*** MATERIAL PROVIDED ***

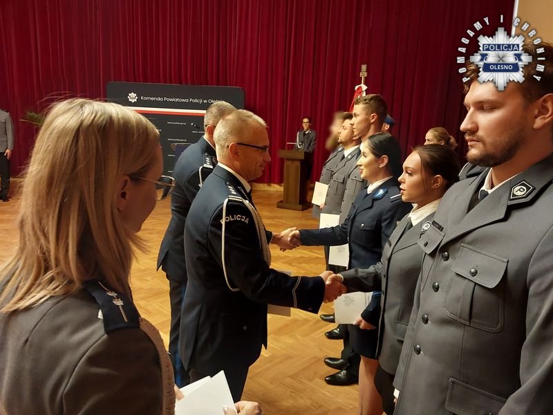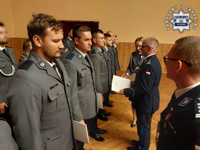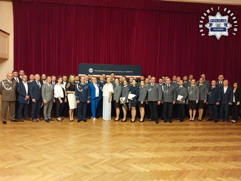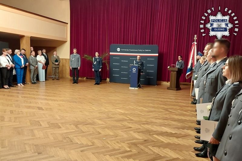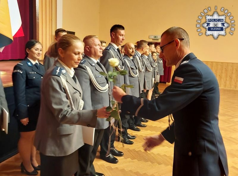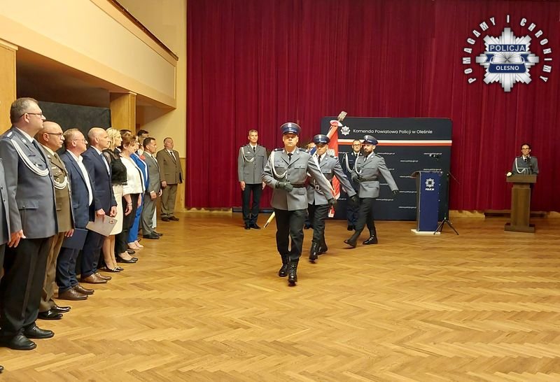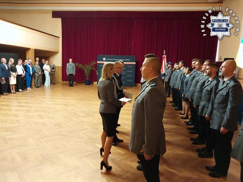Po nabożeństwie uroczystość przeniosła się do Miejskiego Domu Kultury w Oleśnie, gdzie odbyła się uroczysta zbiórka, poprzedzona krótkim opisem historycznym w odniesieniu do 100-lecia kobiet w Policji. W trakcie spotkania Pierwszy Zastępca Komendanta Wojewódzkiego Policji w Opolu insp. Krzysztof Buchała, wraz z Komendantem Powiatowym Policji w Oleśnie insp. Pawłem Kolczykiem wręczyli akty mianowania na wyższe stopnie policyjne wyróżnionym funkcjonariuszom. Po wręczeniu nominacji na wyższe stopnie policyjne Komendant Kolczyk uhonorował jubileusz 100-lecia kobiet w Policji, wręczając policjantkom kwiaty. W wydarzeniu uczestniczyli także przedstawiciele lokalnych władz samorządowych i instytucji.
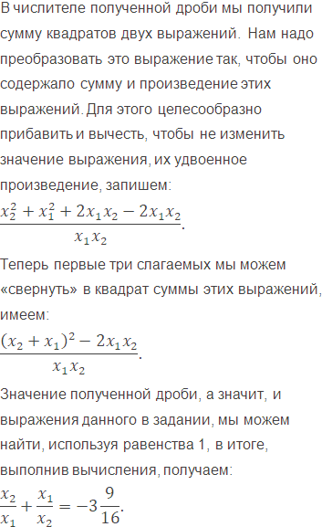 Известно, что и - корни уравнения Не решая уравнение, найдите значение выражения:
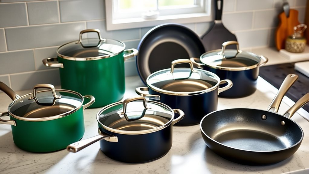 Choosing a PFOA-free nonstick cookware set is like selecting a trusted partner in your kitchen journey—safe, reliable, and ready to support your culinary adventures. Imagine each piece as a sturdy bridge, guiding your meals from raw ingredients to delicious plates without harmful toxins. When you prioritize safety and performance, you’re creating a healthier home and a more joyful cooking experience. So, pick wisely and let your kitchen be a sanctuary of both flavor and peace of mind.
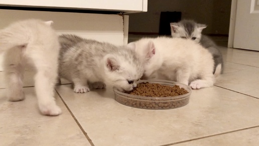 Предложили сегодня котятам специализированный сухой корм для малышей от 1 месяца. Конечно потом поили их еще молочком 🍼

***
*** MATERIAL PROVIDED ***

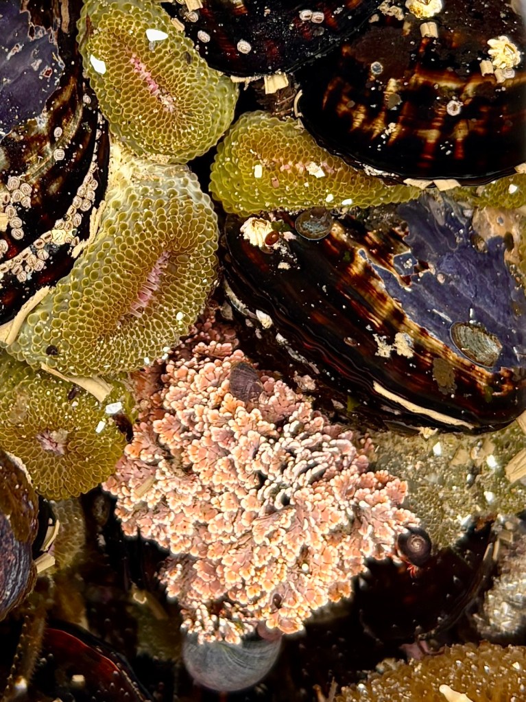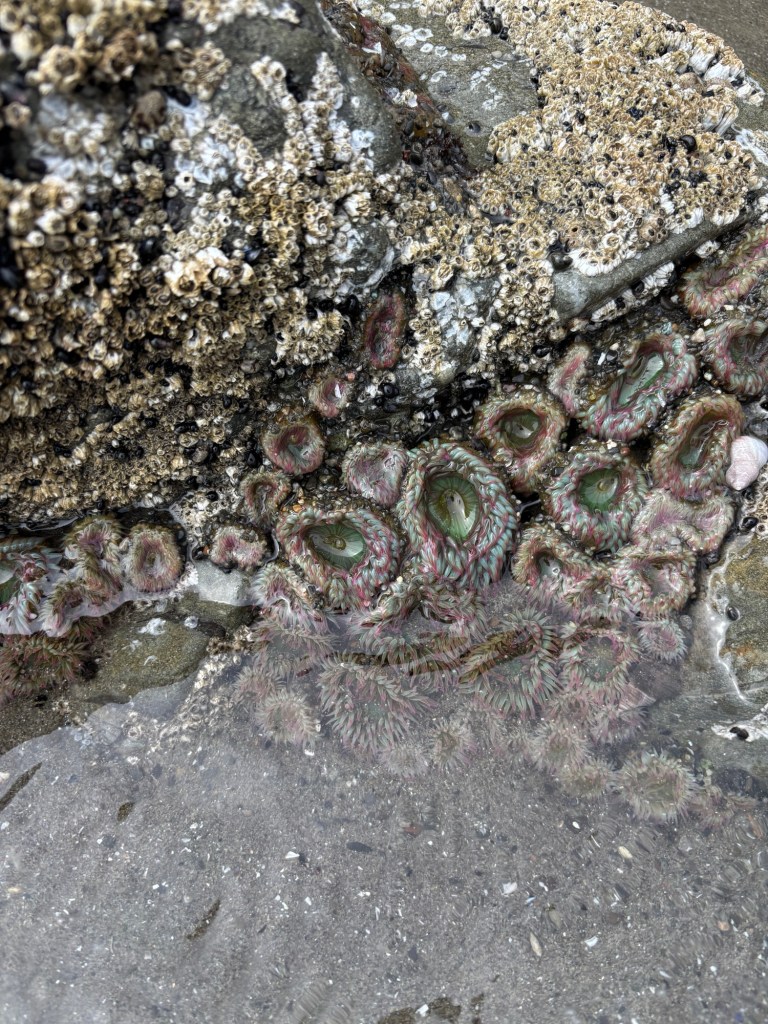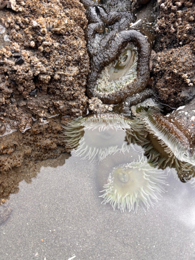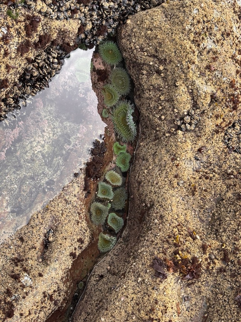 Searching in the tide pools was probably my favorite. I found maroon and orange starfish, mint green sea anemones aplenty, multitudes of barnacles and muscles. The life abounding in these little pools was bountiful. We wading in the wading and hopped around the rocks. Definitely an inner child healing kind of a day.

***

◆ EXERCISE INSTRUCTIONS ◆
Leaving out each picture, repeat exactly the lines above from the one that contains "Известно, что и" through the one that contains "Предложили сегодня котятам".

◆ SOLUTION FOR THIS EXERCISE ◆
 Известно, что и - корни уравнения Не решая уравнение, найдите значение выражения:
 Choosing a PFOA-free nonstick cookware set is like selecting a trusted partner in your kitchen journey—safe, reliable, and ready to support your culinary adventures. Imagine each piece as a sturdy bridge, guiding your meals from raw ingredients to delicious plates without harmful toxins. When you prioritize safety and performance, you’re creating a healthier home and a more joyful cooking experience. So, pick wisely and let your kitchen be a sanctuary of both flavor and peace of mind.
 Предложили сегодня котятам специализированный сухой корм для малышей от 1 месяца. Конечно потом поили их еще молочком 🍼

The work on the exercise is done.